Gross income (also known as Total Income) is the number that’s going to be on Line 22 of your 1040 tax return.
I suggest looking at a 1040 while I explain line by line what your gross income will include. The items in green apply to most of us millennials.
- Line 7) wages, salaries, tips, etc. (your employer(s) will send you a W-2 with all this information)
- Line 8) taxable interest (this includes stuff like the .01% interest that you get from your savings account!)
- Line 9) dividends (won’t really apply unless you have investments)
- Line 10) taxable refunds, credits, or offsets of state and local income taxes
- Line 11) alimony received (won’t really apply unless you’re divorced)
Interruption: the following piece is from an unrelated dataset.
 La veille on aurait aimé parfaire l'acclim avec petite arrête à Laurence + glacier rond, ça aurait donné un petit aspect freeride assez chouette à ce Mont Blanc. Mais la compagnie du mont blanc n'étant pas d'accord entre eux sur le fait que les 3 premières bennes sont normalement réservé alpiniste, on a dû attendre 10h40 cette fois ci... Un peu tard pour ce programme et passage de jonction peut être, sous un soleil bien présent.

- Line 12) Schedule C net income or loss (won’t really apply unless you own your own business)
- Line 13) capital gain or loss (won’t really apply unless you have investments)
- Line 15 & 16) IRA distributions and pensions & annuities (won’t really apply unless you’re retired)
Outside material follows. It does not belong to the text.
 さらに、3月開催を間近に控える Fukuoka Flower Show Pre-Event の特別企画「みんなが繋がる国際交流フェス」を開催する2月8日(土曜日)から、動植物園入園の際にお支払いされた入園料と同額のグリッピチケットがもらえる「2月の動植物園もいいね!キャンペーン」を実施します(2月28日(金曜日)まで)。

- Line 17) Schedule E income (won’t really apply unless you have income from a rental property, partnership, trust, etc.)
- Line 18) farm income or loss (won’t really apply unless you own an income producing farm)
- Line 19) unemployment compensation (won’t really apply unless you receive unemployment income from the government)
- Line 20) social security benefits (won’t really apply unless you’re retired or disabled and receiving income from our social security system)
- Line 21) other income (this is for all the other ways you might be getting income: winning the lotto, awards, 1099, gambling, jury duty, etc.)
Line 22 is all these items added together to make up your Total Income.